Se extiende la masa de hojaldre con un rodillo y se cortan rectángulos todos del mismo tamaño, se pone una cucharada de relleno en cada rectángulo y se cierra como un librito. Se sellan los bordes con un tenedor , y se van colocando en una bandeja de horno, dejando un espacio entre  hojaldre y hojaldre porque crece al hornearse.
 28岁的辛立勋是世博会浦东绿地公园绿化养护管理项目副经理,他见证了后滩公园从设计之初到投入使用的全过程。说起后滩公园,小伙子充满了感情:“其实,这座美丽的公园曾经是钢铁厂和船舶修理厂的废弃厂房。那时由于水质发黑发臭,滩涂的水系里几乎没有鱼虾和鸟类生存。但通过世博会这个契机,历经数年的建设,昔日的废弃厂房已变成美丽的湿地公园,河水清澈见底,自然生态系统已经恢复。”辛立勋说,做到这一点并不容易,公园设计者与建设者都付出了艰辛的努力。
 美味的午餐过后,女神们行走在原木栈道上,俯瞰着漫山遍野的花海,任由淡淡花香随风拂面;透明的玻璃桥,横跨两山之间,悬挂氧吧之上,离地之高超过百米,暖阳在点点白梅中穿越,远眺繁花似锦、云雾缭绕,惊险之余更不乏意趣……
*****
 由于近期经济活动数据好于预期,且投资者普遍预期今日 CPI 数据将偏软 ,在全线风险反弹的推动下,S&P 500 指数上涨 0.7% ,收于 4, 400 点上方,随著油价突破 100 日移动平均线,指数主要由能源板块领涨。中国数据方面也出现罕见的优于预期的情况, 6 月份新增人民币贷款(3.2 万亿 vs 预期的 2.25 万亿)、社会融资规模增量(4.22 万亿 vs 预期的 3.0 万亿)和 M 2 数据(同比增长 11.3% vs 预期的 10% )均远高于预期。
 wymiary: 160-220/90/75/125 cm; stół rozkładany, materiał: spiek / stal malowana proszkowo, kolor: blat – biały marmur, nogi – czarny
*****
Work instructions: All that belongs in your answer is the stretch of entries above from the line with "Se extiende la" through the line with "美味的午餐过后,女神们行走在", printed exactly.

Solution for this exercise:
Se extiende la masa de hojaldre con un rodillo y se cortan rectángulos todos del mismo tamaño, se pone una cucharada de relleno en cada rectángulo y se cierra como un librito. Se sellan los bordes con un tenedor , y se van colocando en una bandeja de horno, dejando un espacio entre  hojaldre y hojaldre porque crece al hornearse.
 28岁的辛立勋是世博会浦东绿地公园绿化养护管理项目副经理,他见证了后滩公园从设计之初到投入使用的全过程。说起后滩公园,小伙子充满了感情:“其实,这座美丽的公园曾经是钢铁厂和船舶修理厂的废弃厂房。那时由于水质发黑发臭,滩涂的水系里几乎没有鱼虾和鸟类生存。但通过世博会这个契机,历经数年的建设,昔日的废弃厂房已变成美丽的湿地公园,河水清澈见底,自然生态系统已经恢复。”辛立勋说,做到这一点并不容易,公园设计者与建设者都付出了艰辛的努力。
 美味的午餐过后,女神们行走在原木栈道上,俯瞰着漫山遍野的花海,任由淡淡花香随风拂面;透明的玻璃桥,横跨两山之间,悬挂氧吧之上,离地之高超过百米,暖阳在点点白梅中穿越,远眺繁花似锦、云雾缭绕,惊险之余更不乏意趣……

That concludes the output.